Drake had an idea: What if he were to study gay homicide? No one else was doing it. The president-elect of the American Society of Criminology warned him against shoddy activist research. "You can't just look at gay victims," Drake recalls him saying. To do it right, he'd have to look at gay victims, offenders, and incidents.

By 2001, Drake and his partner, Joe Shulka, had collected a database of information known as the Minnesota Gay Homicide Study. The Quantico criminologists were impressed with his meticulously researched case studies, which were already yielding surprising results.

"Police think gay homicides are like straight homicides, and they're not," Drake says.

Today, the Center for Homicide Research—Drake changed the name in 2004—contains two locked drawers of red file folders, each bearing the neatly typed name of a murder victim. The red folders document approximately 100 gay murders that Drake has identified in Minnesota from 1969 to the present—another 3,025 purple folders contain information on gay homicides across the country. Drake uses a computer database to analyze the cases, comparing them with murders of straight people. His expertise at understanding these files has made Drake a frequent expert consultant to law enforcement, and he has been credited with helping to solve two gay murders—one in a suburb of Phoenix, and one in New Zealand.

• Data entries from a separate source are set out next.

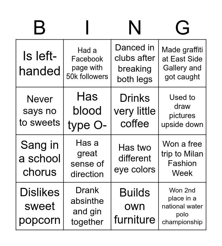 This bingo card has 16 words: Drank absinthe and gin together, Won a free trip to Milan Fashion Week, Danced in clubs after breaking both legs, Is left-handed, Sang in a school chorus, Had a Facebook page with 50k followers, Has two different eye colors, Builds own furniture, Never says no to sweets, Has blood type O-, Dislikes sweet popcorn, Made graffiti at East Side Gallery and got caught, Has a great sense of direction, Used to draw pictures upside down, Drinks very little coffee and Won 2nd place in a national water polo championship.
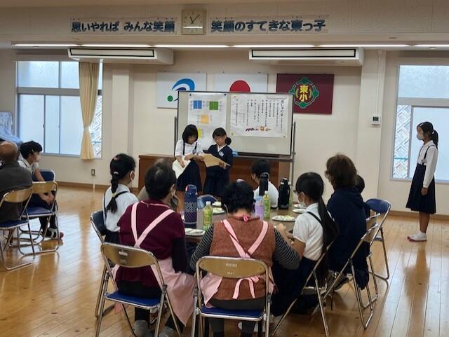 今日は4年生は収穫したサツマイモを地域の食生活改善推進員の皆様と蒸しパン作りに挑戦しました。また、調理した蒸しパンを「感謝の会」を通して、一緒に芋の植え付けから収穫までお世話になった地域の皆さんと美味しくいただくことが出来ました。
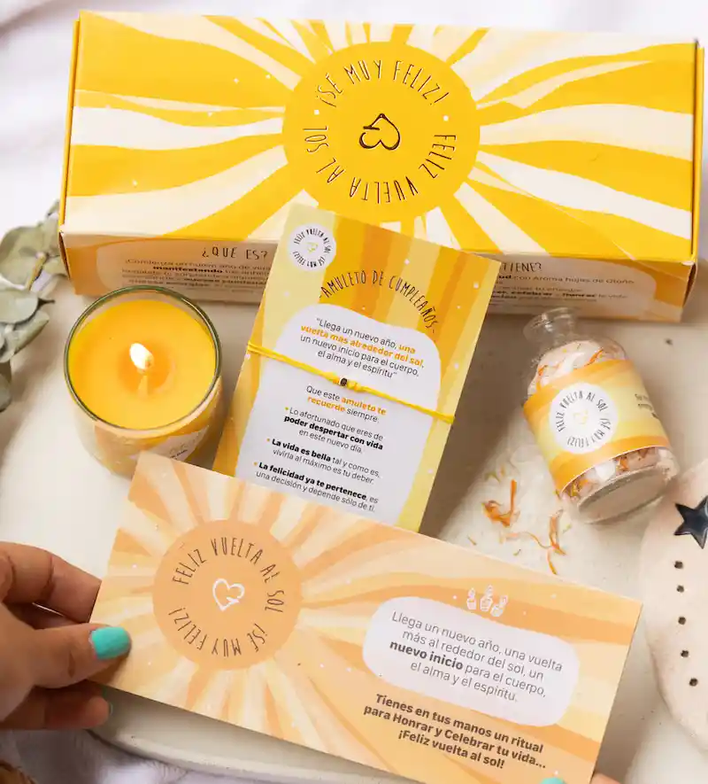 Es un ritual para comenzar un nuevo año de vida AGRADECIENDO y MANIFESTANDO tus sueños y anhelos. Es un ritual para abrirte a NUEVOS COMIENZOS, NUEVOS CICLOS Y NUEVAS ENERGÍAS... Al encender cada vela coloca tus intenciones y deseos en ella y envíaselos al universo. ¿QUÉ CONTIENE? Una vela de GRATITUD con aroma a hojas de otoño Manifiesto de Cumpleaños Baño de Sal para limpiar y renovar la energía Actividades de Manifestacion para abrir nuevos comienzos, ciclos y energías. Amuleto de cumpleaños: que representa tu compromiso de vivir al máximo.
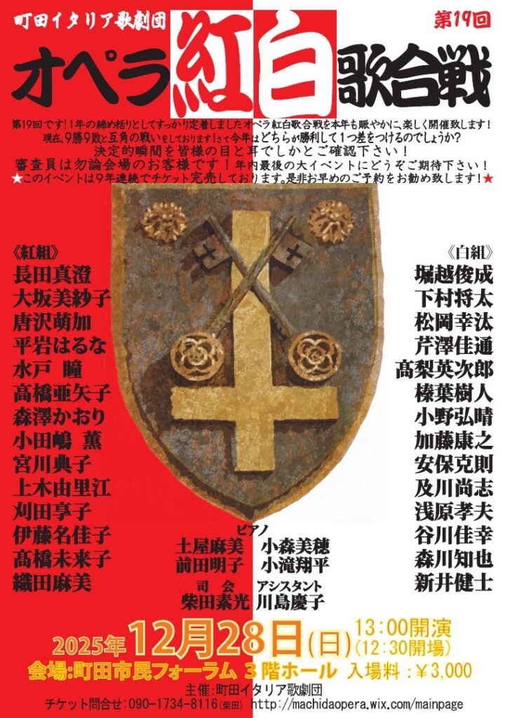 今年で第19回目を迎える町田イタリア歌劇団のオペラ紅白歌合戦!
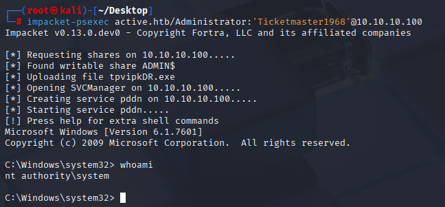 impacket-psexec active.htb/Administrator:'Ticketmaster1968'@10.10.10.100
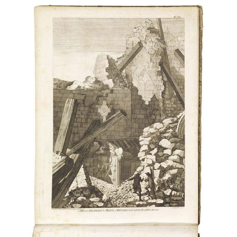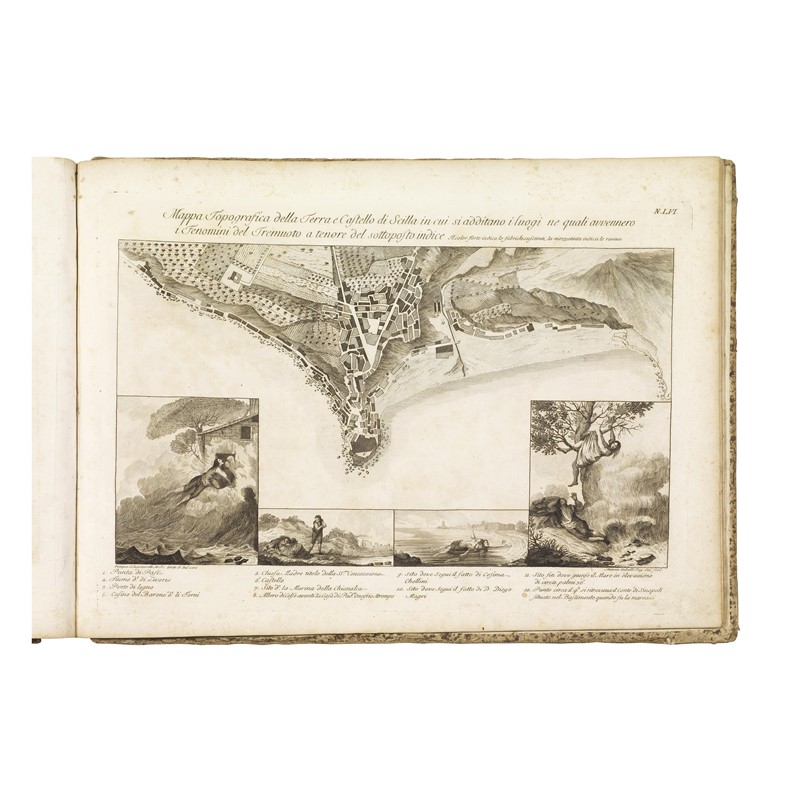 RARO ATLANTE DI TAVOLE che accompagna l’Istoria del Sarconi, illustrando i disastri causati in Calabria dal terremoto del 1783, a seguito del quale si organizzò per la prima volta in Italia una spedizione scientifica nelle zone colpite, oggetto dell’opera del Sarconi. Il terremoto colpì la Calabria e la parte orientale della Sicilia per più di tre anni con diverse scosse, di cui alcune molto forti: morirono più di 30.000 persone, interi villaggi vennero rasi al suolo, crollarono montagne, i fiumi deviarono il loro corso e anche la costa venne ridisegnata. La spedizione iniziò il 5 aprile 1783; l’anno seguente, Giuseppe Campo, commissionato dalla Regia Accademia Napoletana, pubblicò un testo con i resoconti della ricerca condotta da un gruppo di scienziati tra cui lo stesso Michele Sarconi. Le tavole, incise da Antonio Zaballi su disegni di Pompeo Schiantarelli, Bernardino Rulli e Ignazio Stile, illustrano la devastazione dei luoghi terremotati. La tavola finale ritrae invece la “macchina equatoriale” inventata da Padre Eliseo della Conciliazione che servì per disegnare le prima carta sismica mai prodotta in Italia, grazie alla quale vennero corretti gli errori di latitudine e longitudine delle precedenti mappe. Affascinante reportage.

Gay homicides, he says, often present certain indicators: a nude male in the bedroom, no indications that the home was broken into, a bizarre crime scene, missing car or ATM card, and what's known as "overkill"—excessive wounding, such as stabbing someone 60 times. The murders are personal, intimate—almost half involve knives, in contrast to straight homicides, in which guns are used 68 percent of the time.

Gay serial killing is extremely rare: FBI data from 1976 to 1997 shows that in 93 percent of GLBT homicides, the slaying was a first for the offender.

Drake calls many of the gay killings "shame attacks, honor killings.

"When we look at gay male homicide across the United States, the pattern is that there's evidence of sexual activity prior to the killing. So that doesn't point to some stranger-hate-crime scenario. That points to a crime where there's internalized homophobia. Somebody on the fringe of society, who enjoys having sex with men but at the same time can't cope with that.

"Attack doesn't occur because they hate the other person," Drake says. "It's because they hate themselves."

In 1986, John Roe, the openly gay owner of the Quickway Diner in Bloomingburg, New York, was found dead in his home. He'd been robbed, beaten in the head and face, and stabbed multiple times in the chest. For nearly 18 years, the case remained unsolved.

Then, in the fall of 2003, a routine scan of a cigarette butt left in a beer bottle at the murder scene turned up a match in the national DNA database: Rommal Bennett, a drifter who'd been convicted of sexually assaulting his roommate/boyfriend in Minneapolis in 1993.

Officials in Sullivan County, New York, tracked Bennett to San Francisco, where he had made his way through social services and seedy hotels and was living as a free man. His rap sheet included 1987 convictions in New York for assaulting and attempting to sodomize one man, and for strangling another.

Bennett pleaded guilty to the murder of John Roe. He went to prison in 2004.

In June 2007, DNA evidence was found—on the condom and bindings left at the crime scene—that seems to tie Bennett to the murder of Wally Lundin. The Hennepin County Attorney's Office tracked down Bennett's former boyfriend, who claimed that in 1998, Bennett got drunk and blathered on about the guilt he felt over strangling a man he'd met at the Gay 90's. Although the trial won't happen until October, prosecutors allege that the DNA evidence ties Bennett to the crime with 99.9999997 percent certainty.